W G Johanson Jr et al. Am Rev Respir Dis. 1988 Feb.

Abstract

Cultures of tracheal secretions, bronchoalveolar lavage (BAL), protected specimen brushes (PSB), and direct lung aspirates were compared with cultures of lung homogenates and histologic findings in 35 baboons after 7 to 10 days of intubation and mechanical ventilation. Six animals received no antibiotics, while the remainder were treated with a variety of prophylactic regimens of intravenous and topical agents.
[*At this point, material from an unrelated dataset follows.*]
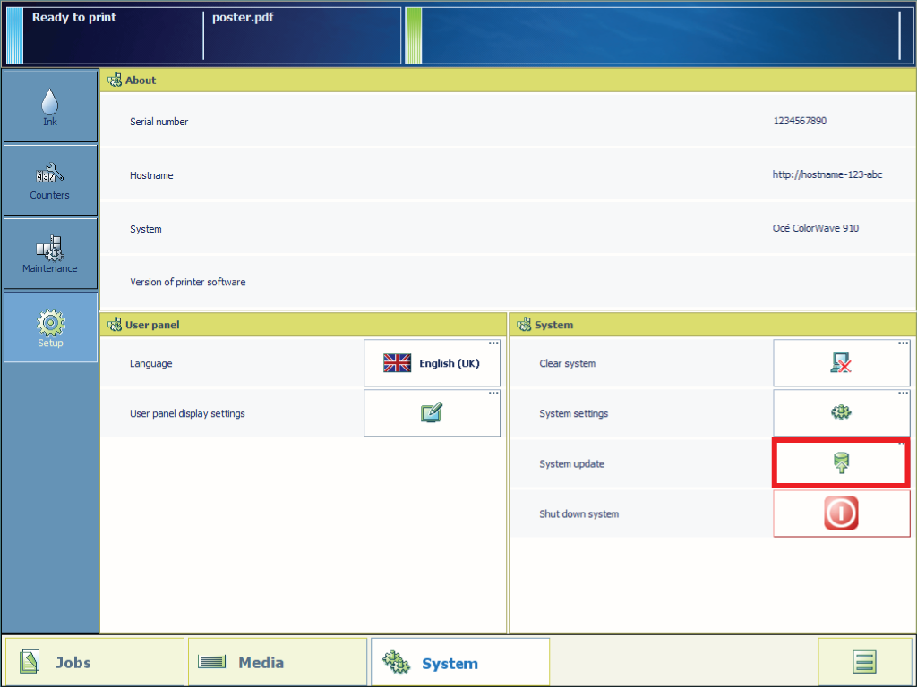 You can check the current software version under System menu - [System update] on the user panel or under the [Support] - [Update] tab in Océ Express WebTools.

Bacterial contamination at each culture site was expressed as a "bacterial index" (BI), obtained as the sum of the logarithmic concentrations of individual species. In the absence of antibiotics, pneumonias occurred in all animals and were polymicrobial; 56% of organisms in lung tissue were members of the normal upper respiratory tract flora, while 44% were gram-negative bacilli with a mean total bacterial index of 13.94/g. Lobar tissue BI values greater than 6.0/g were found in 77% of lobes containing pneumonias judged by histologic criteria to be moderate or severe in extent, whereas only 7% of lobes with lesser inflammatory changes had similar BI values. The BI values of BAL were linearly related to tissue values, whether the BAL was performed of the same lobe cultured or a different lobe. BAL recovered 74% of all species present in lung tissue compared to 41% by PSB and 56% for needle aspirates. False positive specimens were found with similar frequency with these 3 procedures. Tracheal aspirates revealed 78% of organisms found in lung tissue, but 14 of 35 (40%) of species isolated were not present in lung tissue. BAL provides the best reflection of the lung's bacterial burden, both quantitatively and qualitatively, in the setting of prolonged intubation and ventilation.